The mushrooms: Fresh sliced mushrooms, rinsed and drained. I’ve used both white button and cremini and I don’t have a strong opinion. Creminis have a little more depth, but honestly by the time they’ve been cooking for eight hours, they’re all going to taste like the gravy anyway. Use what’s on sale.
The cream of mushroom soup: Condensed. Canned. I know some folks have opinions about this, and that’s fine. There is a time and a place for homemade béchamel and this is neither. Campbell’s. The red-and-white can. Done.

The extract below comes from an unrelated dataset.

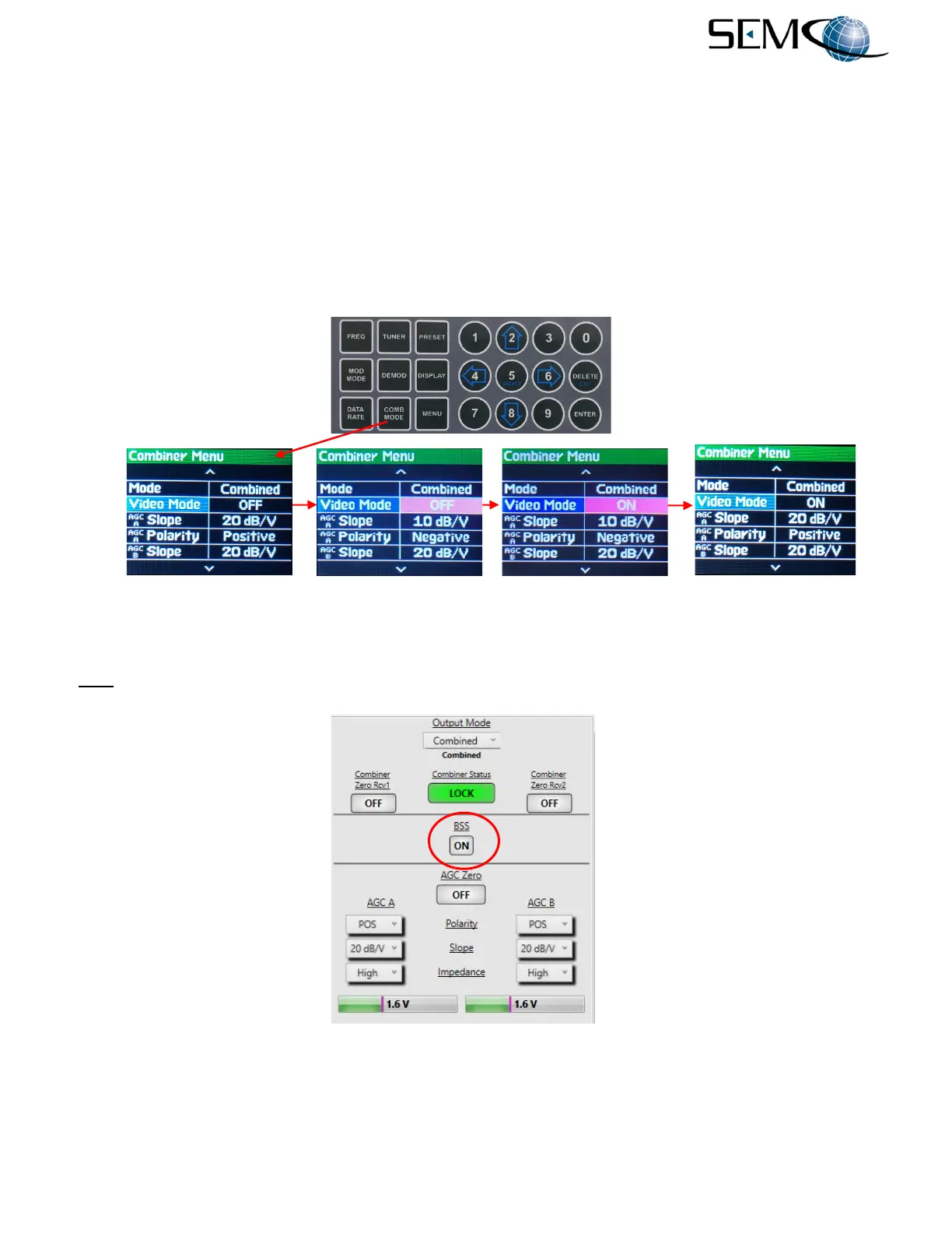 remote GUI. When BSS is ON, the Combiner becomes a “Best Source Selector” that automatically

The dry onion soup mix: Lipton, usually, though I’ve used the store brand and could not tell the difference. This is what seasons everything — you don’t add extra salt, you don’t add pepper, you just trust the packet.
Ingredients
3 pounds beef stew meat or sirloin tips, cut into 1- to 1½-inch chunks
2 cans (10.5 ounces each) condensed cream of mushroom soup — do not add water
1 packet (about an ounce) dry onion soup mix
1 package (8 ounces) sliced fresh mushrooms, white button or cremini, rinsed
That’s the whole list. Four things. I’ve counted it probably two dozen times over the years expecting to have forgotten something.
How to Make It
Grease the inside of your Slow Cooker first — just a swipe of butter or a quick shot of nonstick spray. It makes the cleanup easier and you’ll thank yourself later when the gravy has baked onto the sides and you’re trying to salvage the ceramic insert.

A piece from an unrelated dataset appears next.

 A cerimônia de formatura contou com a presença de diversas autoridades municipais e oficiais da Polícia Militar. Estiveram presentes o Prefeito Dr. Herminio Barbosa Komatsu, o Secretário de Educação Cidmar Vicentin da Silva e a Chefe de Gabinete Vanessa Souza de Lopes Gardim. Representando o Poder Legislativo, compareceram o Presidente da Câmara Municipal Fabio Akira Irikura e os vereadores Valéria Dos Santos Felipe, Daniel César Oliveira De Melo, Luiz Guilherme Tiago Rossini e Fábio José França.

Scatter your mushrooms over the bottom. They’re going to release a lot of liquid as they cook, so they form a sort of natural bed for the beef. Lay the beef on top, spread out as evenly as you can manage.
In a bowl — and I mean it, do this in a bowl, don’t just dump both cans straight in — stir the condensed soup and the dry onion mix together until they’re combined. It’s going to be thick. Almost uncomfortably thick, like paste. That’s correct. That thick paste is what’s going to become gravy. Pour it over the beef and use a spatula to push it around so most of the meat is coated.
Now put the lid on and leave it alone.
I cannot stress this enough: leave it alone. Don’t add water. I know it looks dry. I know the paste looks alarming. The moisture is coming — it’s already in there, waiting in the mushrooms and the beef — and if you add water you’ll end up with a thin, watery sauce that never quite recovers.
Cook on LOW for seven or eight hours, or HIGH for four to five. I almost always do LOW. I start it in the morning and by the time late afternoon rolls around, the whole house smells like something slow and serious has been happening.
When the beef is tender enough to pull apart with a fork, give everything a gentle stir to bring the gravy together. Taste it — it probably doesn’t need anything, but a little black pepper doesn’t hurt. Let it sit on WARM for ten or fifteen minutes before you serve it. The gravy tightens up just slightly and it’s better for the waiting.
Variations
If you have time and the inclination, browning the beef in a hot skillet before it goes into the Slow Cooker adds a depth that I do notice. It’s not required and I skip it more often than not, but on a weekend when I’m not in a hurry, I sometimes do it. The caramelized crust on the outside of the beef makes the gravy taste a little more like work, if that makes sense.
Double the mushrooms if you love mushrooms. I’ve done it. It’s not a problem. The gravy just gets a little earthier.
Stirring in a few spoonfuls of sour cream at the very end makes it creamier and a little tangy — it’s good, just not how I usually make it.
If you need to stretch it for a crowd, a third can of soup and a half cup of beef broth will do the job without ruining anything.
Leftovers
If there are any — and in my house, that’s a genuine if — they keep in the refrigerator for three days easily. Reheat slowly on the stove over low heat or in the microwave with a damp paper towel over the top so the edges don’t dry out. Leftovers over toast the next morning with a fried egg on top is not something I’ll apologize for.